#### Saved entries
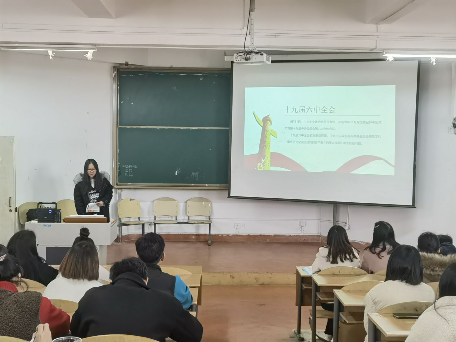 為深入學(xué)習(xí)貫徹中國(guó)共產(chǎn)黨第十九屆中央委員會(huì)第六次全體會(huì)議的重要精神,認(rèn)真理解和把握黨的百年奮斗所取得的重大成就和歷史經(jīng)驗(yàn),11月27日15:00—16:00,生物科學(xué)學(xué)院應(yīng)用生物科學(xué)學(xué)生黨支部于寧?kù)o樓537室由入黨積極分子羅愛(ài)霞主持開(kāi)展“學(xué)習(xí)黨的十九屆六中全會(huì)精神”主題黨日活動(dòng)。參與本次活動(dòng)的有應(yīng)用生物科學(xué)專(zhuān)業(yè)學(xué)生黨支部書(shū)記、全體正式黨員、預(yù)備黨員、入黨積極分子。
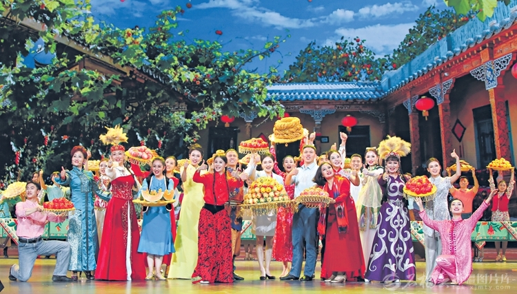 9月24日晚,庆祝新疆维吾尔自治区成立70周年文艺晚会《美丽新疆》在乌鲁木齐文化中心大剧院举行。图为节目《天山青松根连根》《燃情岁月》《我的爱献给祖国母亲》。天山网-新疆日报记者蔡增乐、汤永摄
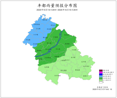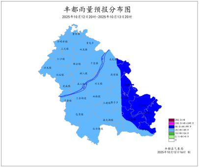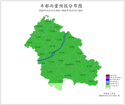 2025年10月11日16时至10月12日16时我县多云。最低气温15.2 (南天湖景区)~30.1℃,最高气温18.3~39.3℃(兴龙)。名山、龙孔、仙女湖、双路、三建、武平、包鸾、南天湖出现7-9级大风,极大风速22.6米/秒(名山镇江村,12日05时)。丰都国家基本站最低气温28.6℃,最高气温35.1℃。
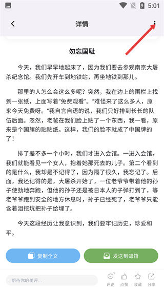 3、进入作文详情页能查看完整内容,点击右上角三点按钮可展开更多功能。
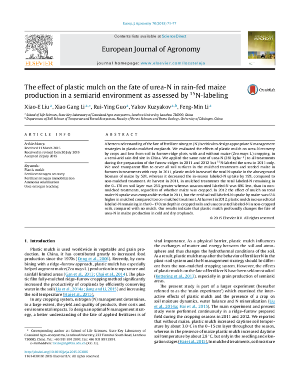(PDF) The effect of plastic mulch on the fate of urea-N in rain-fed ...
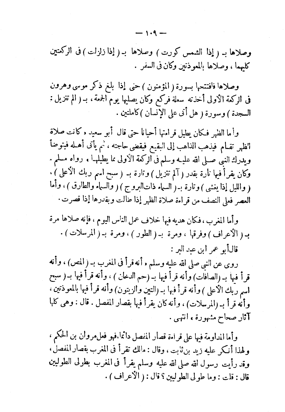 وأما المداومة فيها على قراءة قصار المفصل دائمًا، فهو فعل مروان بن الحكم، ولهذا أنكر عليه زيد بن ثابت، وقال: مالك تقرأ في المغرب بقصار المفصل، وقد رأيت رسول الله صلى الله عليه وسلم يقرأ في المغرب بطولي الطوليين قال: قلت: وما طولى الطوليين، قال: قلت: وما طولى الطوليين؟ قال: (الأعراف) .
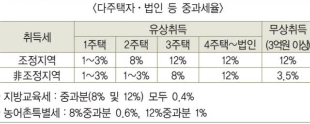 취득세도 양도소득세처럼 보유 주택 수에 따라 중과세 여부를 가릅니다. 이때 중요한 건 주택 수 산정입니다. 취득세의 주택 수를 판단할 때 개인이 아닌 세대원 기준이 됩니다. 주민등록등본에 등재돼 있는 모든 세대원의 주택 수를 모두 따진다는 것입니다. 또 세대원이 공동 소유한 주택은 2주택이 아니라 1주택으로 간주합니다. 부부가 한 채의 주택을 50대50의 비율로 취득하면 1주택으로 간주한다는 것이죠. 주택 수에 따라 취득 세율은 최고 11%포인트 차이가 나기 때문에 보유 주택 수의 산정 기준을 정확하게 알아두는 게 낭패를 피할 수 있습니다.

#### WORK REQUEST
Please copy, exactly as written, the lines from the one that contains "(PDF) The effect" through the end of the records, both ends included. Do not include the pictures.

#### TASK RESULT
(PDF) The effect of plastic mulch on the fate of urea-N in rain-fed ...
 وأما المداومة فيها على قراءة قصار المفصل دائمًا، فهو فعل مروان بن الحكم، ولهذا أنكر عليه زيد بن ثابت، وقال: مالك تقرأ في المغرب بقصار المفصل، وقد رأيت رسول الله صلى الله عليه وسلم يقرأ في المغرب بطولي الطوليين قال: قلت: وما طولى الطوليين، قال: قلت: وما طولى الطوليين؟ قال: (الأعراف) .
 취득세도 양도소득세처럼 보유 주택 수에 따라 중과세 여부를 가릅니다. 이때 중요한 건 주택 수 산정입니다. 취득세의 주택 수를 판단할 때 개인이 아닌 세대원 기준이 됩니다. 주민등록등본에 등재돼 있는 모든 세대원의 주택 수를 모두 따진다는 것입니다. 또 세대원이 공동 소유한 주택은 2주택이 아니라 1주택으로 간주합니다. 부부가 한 채의 주택을 50대50의 비율로 취득하면 1주택으로 간주한다는 것이죠. 주택 수에 따라 취득 세율은 최고 11%포인트 차이가 나기 때문에 보유 주택 수의 산정 기준을 정확하게 알아두는 게 낭패를 피할 수 있습니다.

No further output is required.